5l. Il diritto alla conservazione del posto di lavoro per chi è chiamato a funzioni pubbliche elettive, - la cui portata innovatrice e di grande valore democratico fu sottolineata nei lavori della stessa Assemblea costituente -, sarebbe clamorosamente contraddetto, o peggio ancora vanificato, dall'obbligo della rinuncia al posto quale condizione di eleggibilità di un pubblico dipendente. Siffatto argomento - è fuor di dubbio - vale anche per i dipendenti della provincia.

Per le medesime ragioni, poi, considerata l'identità di natura e di collocazione costituzionale, e quindi la omogeneità di regolamentazione che sul punto deve caratterizzare province e comuni, la dichiarazione di illegittimità costituzionale va estesa, ai sensi dell'art. 27 della legge 11 marzo 1953, n. 87, anche alla parte della norma che concerne la rimozione della causa di ineleggibilità a consigliere comunale del dipendente del comune.

 

PER QUESTI MOTIVI

LA CORTE COSTITUZIONALE

 

dichiara l'illegittimità costituzionale dell'art. 2, terzo comma, della legge 23 aprile 1981, n. 154 (Norme in materia di ineleggibilità ed incompatibilità alle cariche di consigliere regionale, provinciale, comunale e circoscrizionale e in materia di incompatiblità degli addetti al Servizio sanitario nazionale), nella parte in cui non prevede che la causa di ineleggibilità a consigliere provinciale del dipendente provinciale cessi anche con il collocamento in aspettativa ai sensi del secondo comma dello stesso art. 2.

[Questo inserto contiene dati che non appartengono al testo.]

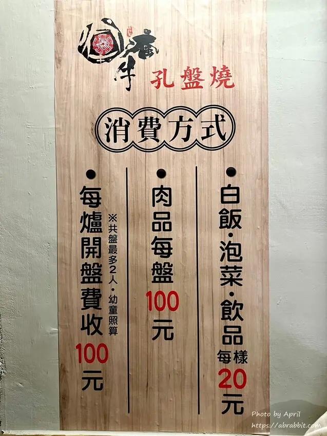 瘋牛孔盤燒的消費方式很簡單,基本開盤費100元(不含肉品),所有牛肉部位一盤都是100元。另外,白飯、泡菜、飲品每樣20元,還能加點生啤酒。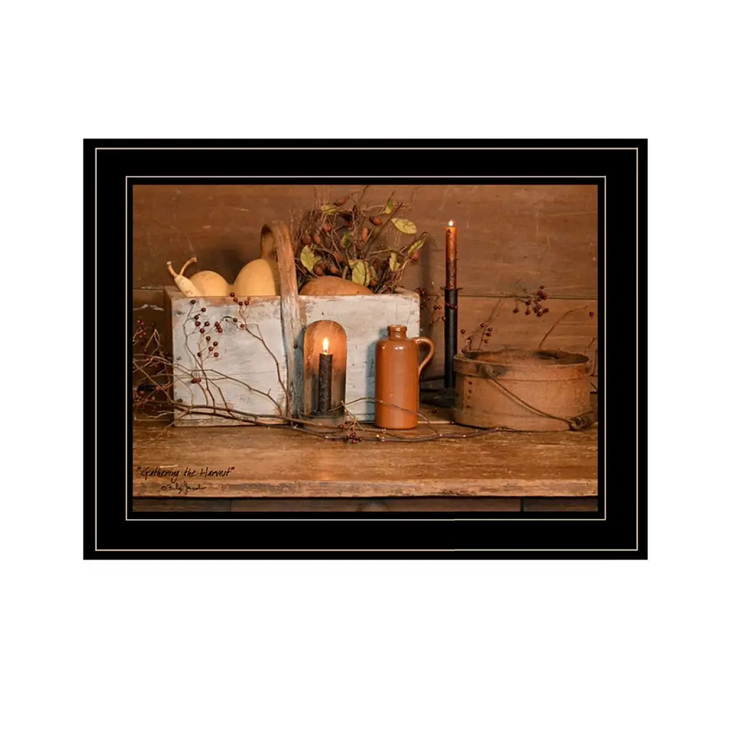 This gathering the harvest 3 black framed print wall art will add a beautiful decorative accent to your decor. This print is a visual artistic expression that allows you to decorate your space in style. Reproduced for you on wood, this hanging decorative accent will be a trendy and fashionable way to dress your walls in a rustic and modern farmhouse vibe. Hang on your wall to add some up to date fashion and decoration. Instantly liven up your space with this art that brings color and dimension to your walls. 15" H x 19" W x 1" D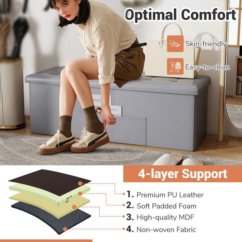 ● 38 Gallon Storage Capacity: This 43-inch storage ottoman with removable divider features a 38 gal capacity, allowing you to arrange inner space to store blankets, cushions and out-of-season clothes. Plus, the side pocket keeps items at hand.

Visto l'art. 27 della legge 11 marzo 1953, n. 87;

dichiara l'illegittimità costituzionale dell'art. 2, terzo comma, della legge 23 aprile 1981, n. 154 nella parte in cui non prevede che la causa di ineleggibilità a consigliere comunale del dipendente comunale cessi anche con il collocamento in aspettativa ai sensi del secondo comma dello stesso art. 2.

Così deciso in Roma, nella sede della Corte costituzionale, Palazzo della Consulta, il 23/03/94.

Francesco Paolo CASAVOLA, Presidente

Mauro FERRI, Redattore

Depositata in cancelleria il 31/03/94.